Life, we agree, must have felt larger then, the wilderness

greening a path to every door, the cave or mountain

conceivable as the first child, the oldest mother.

But tonight, with hay and tar smells pricking the air,

and moon making for the only clock, we find ourselves

yielding to traceries – lip, ear, breast, buttock –

left by two long-lost, runaway lovers on a bed of rock.

2.

Werewolf 

This thin pale man, this poor gom who could pass

for one of us, sees through his window

the full moon sail in an optical illusion above clouds

 

and river and half-built hotel accommodating

only a stumped crane.  The moon’s eyeful

works on him, building and bundling his ailment

 

into a dream of a super animal.  He exits

to the street, craving delectation beyond the sensation

of the news ‘as it happens’ on-screen, the ravages

 

of flood, fireball, earthquake contending

in slow motion.  He inhales the dregs of living in all

its shallow burials.  The wind gusting seeds

 

and freshness tickles his face with a promise

to overcome everything – traffic smoke, oil-slick, even

the river’s chlorinated conscience.  His fingers

 

send up a manhole cover for the moon’s laugh.

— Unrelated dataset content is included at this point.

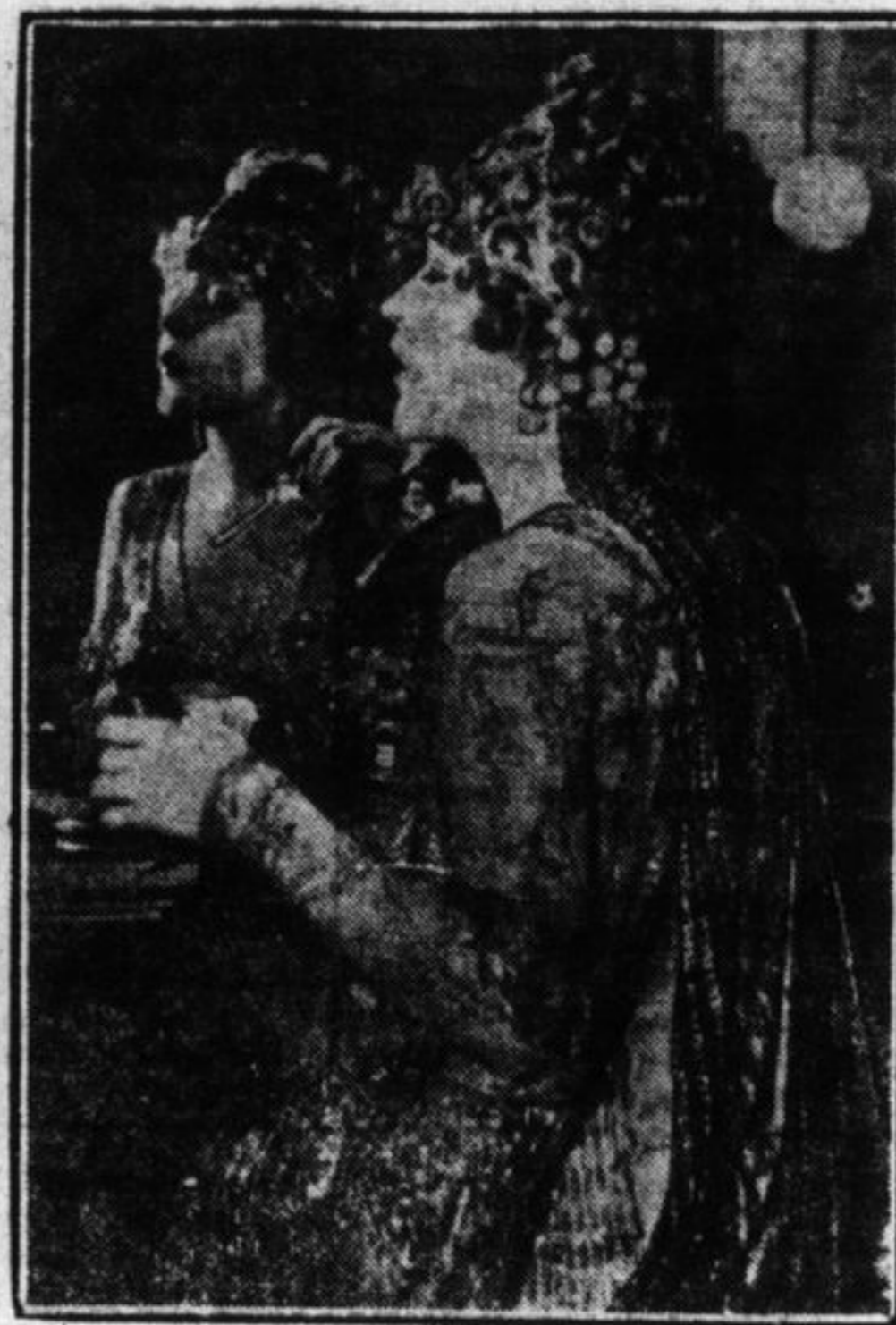
Mae Murray administers some delicately fragrant French perfume prior to taking a scene for her latest picture.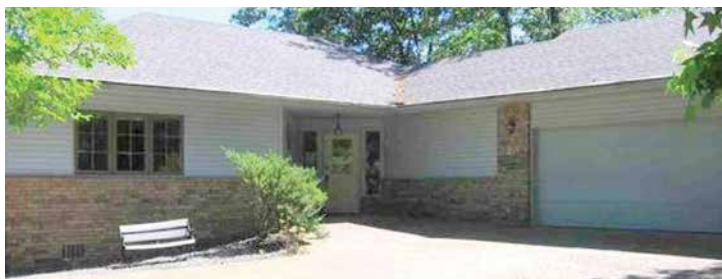
23 Talana Circle, Hot Springs Village: $324,900 MLS# 17014481, 3 Bedrooms, 3.5 Bathrooms, 2,879 Sq. Ft.

He teeters on the edge of astonishment,

of scaring himself, whose pelt – if we could touch it –

 

seems flecks, seems shivers, seems gentleness.

A thunderstorm starts him zig-zagging.

His odoriferous delights scatter; his limbs slobber

 

and steam.  The moon abandons him.  Long-horned

lorry lights close.  Knocked clear, he stiffens,

curled naked in the ditch where he will be found

 

in time to make the early edition.  Snapped, captioned

‘The man who thought he was a werewolf’,

with just a few specks of blood freckling his nose.

*

Biography

Patrick Deeley is a poet and children’s writer born in Loughrea, County Galway.  Groundswell: New and Selected Poems, is the latest of his six collections with Dedalus Press.  His memoir, The Hurley Maker’s Son, is published by Transworld/Doubleday in April 2016.